Create A Machine Learning Model using GridDB

Introduction

In this tutorial, we will build a trivial linear regression model with the data stored in GridDB. We will begin with GridDB’s python-connector to insert and access the data. Afterwards, we will see how to retrieve and convert the data using pandas and numpy. In the end, we will train and visualize our regression model using scikit-learn and matplotlib.

FULL SOURCE CODE

Prerequisites and Environment Setup

The following tutorial is carried out on Ubuntu Operating system (v. 18.04) with gcc version 7.5.0. GridDB (v. 4.5.2) has been installed using their documentation available on Github.

To enable the python connector for GridDB, prerequisites include GridDB C-client, SWIG and pcre. A detailed guide can be found here.

Set the necessary paths

export CPATH=$CPATH:<Python header file directory path>
export LIBRARY_PATH=$LIBRARY_PATH:<C client library file directory path>
export PYTHONPATH=$PYTHONPATH:<installed directory path>

Run the make command within the python-client directory. Install the necessary libraries.

$ pip3 install numpy
$ pip3 install pandas
$ pip3 install matplotlib

Run the following command within the python console to verify the installation

import griddb_python

Alternatively, you could execute one of the sample programs present in the /python-client/sample/ directory.

python3 sample1.py <GridDB notification address> <GridDB notification port> <GridDB cluster name> <GridDB user> <GridDB password>

→ Person: name=name02 status=False count=2 lob=[65, 66, 67, 68, 69, 70, 71, 72, 73, 74]

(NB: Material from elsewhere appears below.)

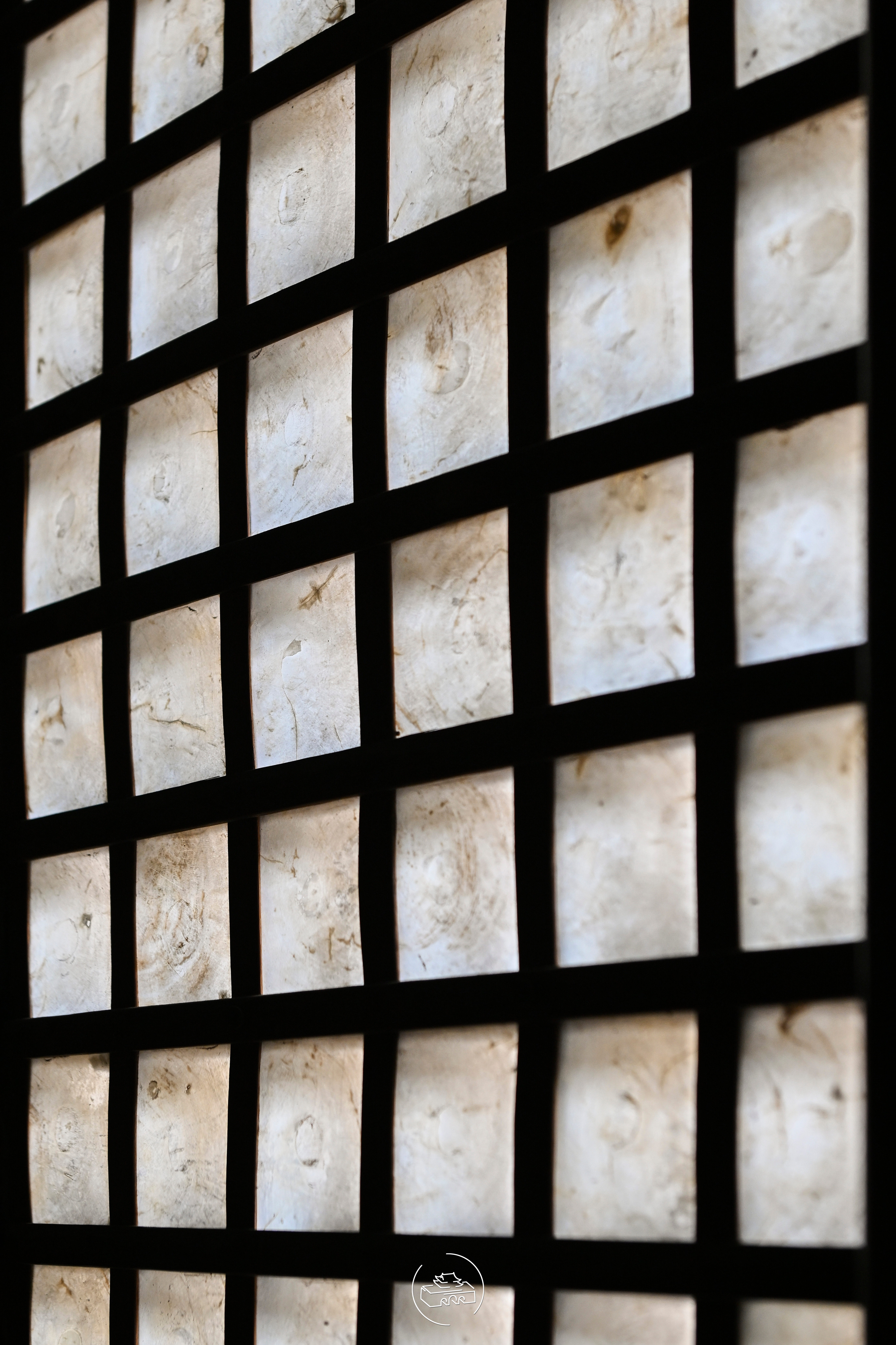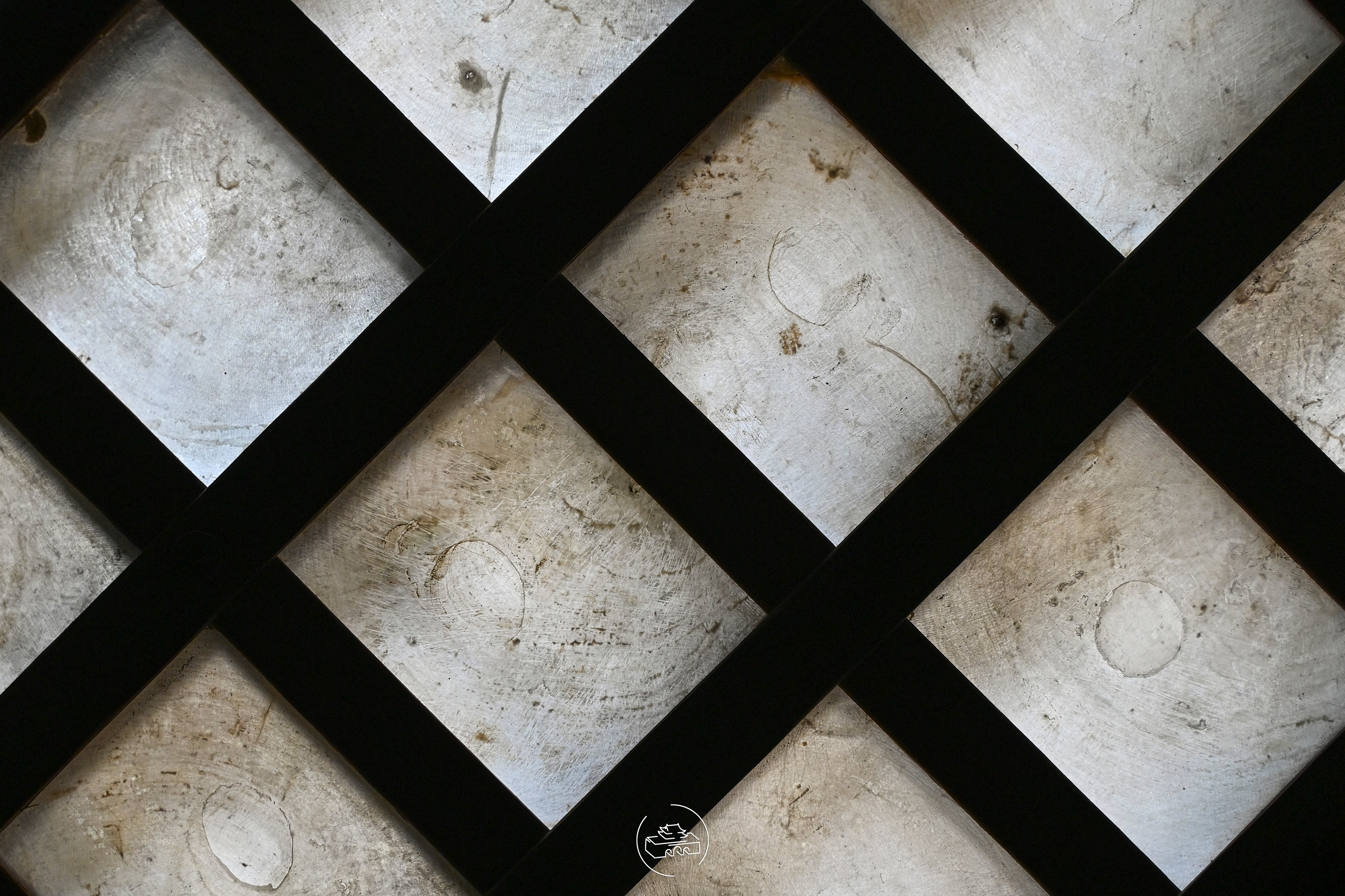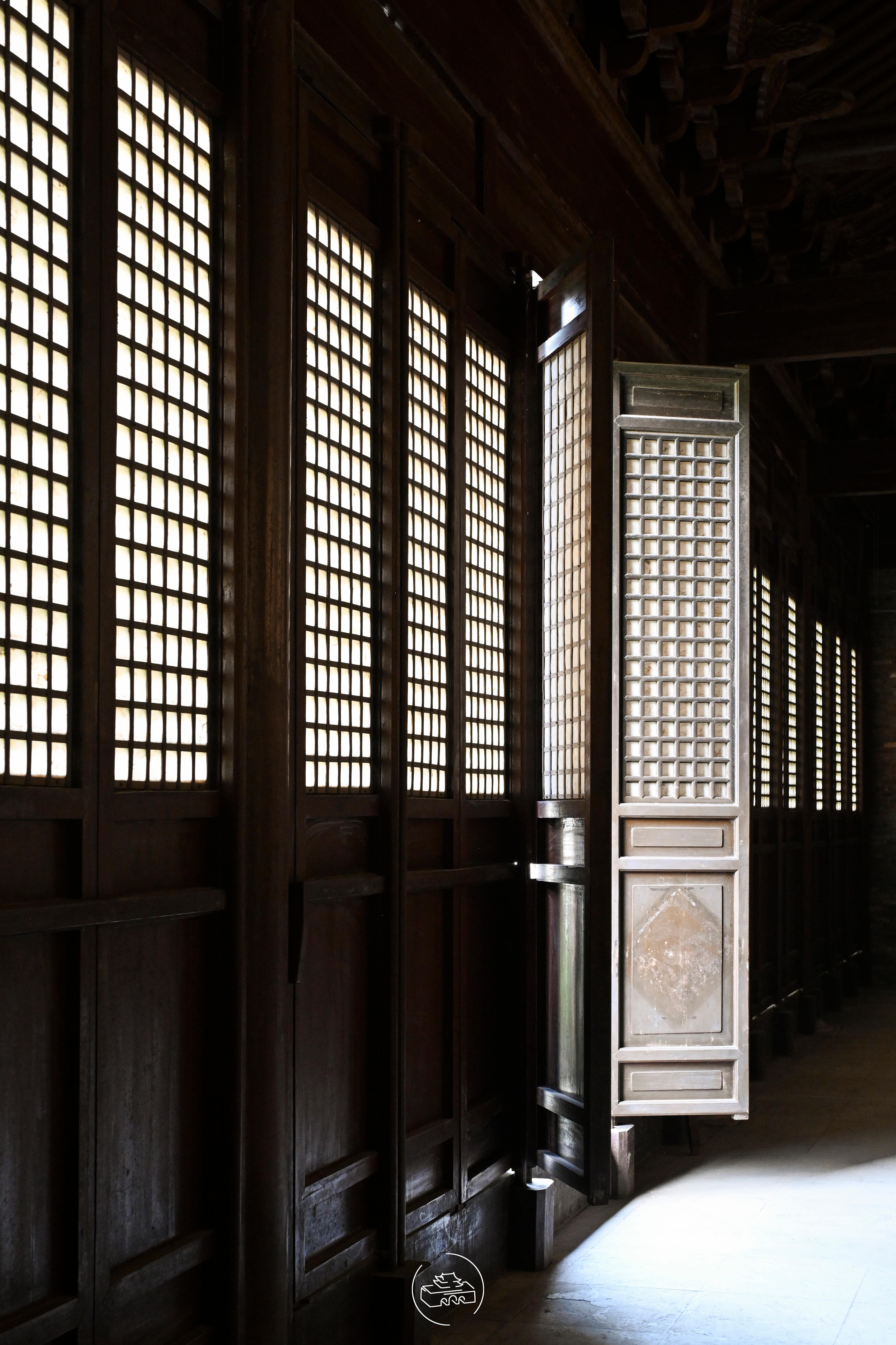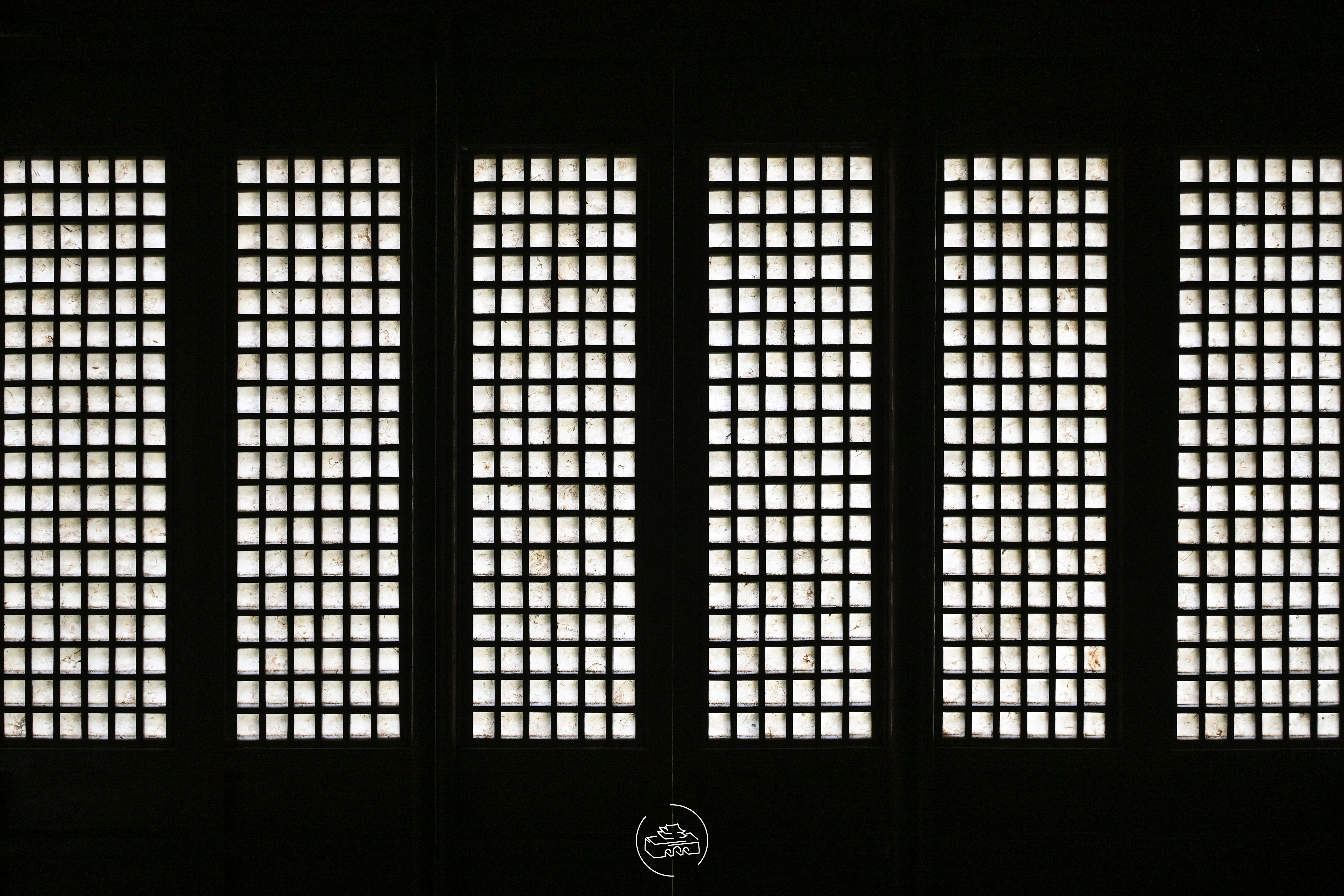 在玻璃普及前,中国人的窗户除了糊纸,还有一种更为奢侈的做法,即是使用「明瓦」。明瓦非瓦,而是以贝壳打磨或羊角煎熬压制的具有透光性的薄片。旧时,高等级的公共建筑和富户以明瓦作窗户的透光材料,其强度和效果较纸糊更佳,江南地区用量巨大,因此也形成了明瓦行业,较为人熟知的就是南京的「明瓦廊」。近现代,随着玻璃的广泛运用,明瓦逐渐被取代,原有的明瓦也被大量拆换,如今这种工艺的实物遗存并不算常见了。在扬州重宁寺,就有一套非常完整的明瓦遗留,虽然格栅门是后期修复,但明瓦为原物重新安装,蔚为壮观。

Note: You could run the aforementioned commands using just python and pip if your default Python version is already set to Python3. Ubuntu comes with a Python 2 default installation, therefore, we have explicitly mentioned python3 and pip3 while executing.

Accessing and retrieving data from GridDB

We would be using the publicly available CalCOFI dataset for this tutorial. It contains the time series data of oceanographic and larval fish in the world. The CalCOFI data has been inserted into the GridDB using the following command:

import griddb_python as griddb
import pandas as pd

factory = griddb.StoreFactory.get_instance()

# Initialize container
try:
    gridstore = factory.get_store(host=your_host, port=ypur_port, 
            cluster_name=your_cluster_name, username=your_username, 
            password=your_password)

    conInfo = griddb.ContainerInfo("Ocean_Data",
                    [["id", griddb.Type.INTEGER],["T_degC",griddb.Type.FLOAT],
                    ["Salnty", griddb.Type.FLOAT]],
                    griddb.ContainerType.COLLECTION, True)
    cont = gridstore.put_container(conInfo)   
    cont.create_index("id", griddb.IndexType.DEFAULT)
    data = pd.read_csv("bottle.csv")
    #Add data
    for i in range(len(data)):
        ret = cont.put(data.iloc[i, :])
    print("Data added successfully")

except griddb.GSException as e:
    for i in range(e.get_error_stack_size()):
        print("[", i, "]")
        print(e.get_error_code(i))
        print(e.get_location(i))
        print(e.get_message(i))

After the data insertion is successful, we can now access the data using SQL queries. 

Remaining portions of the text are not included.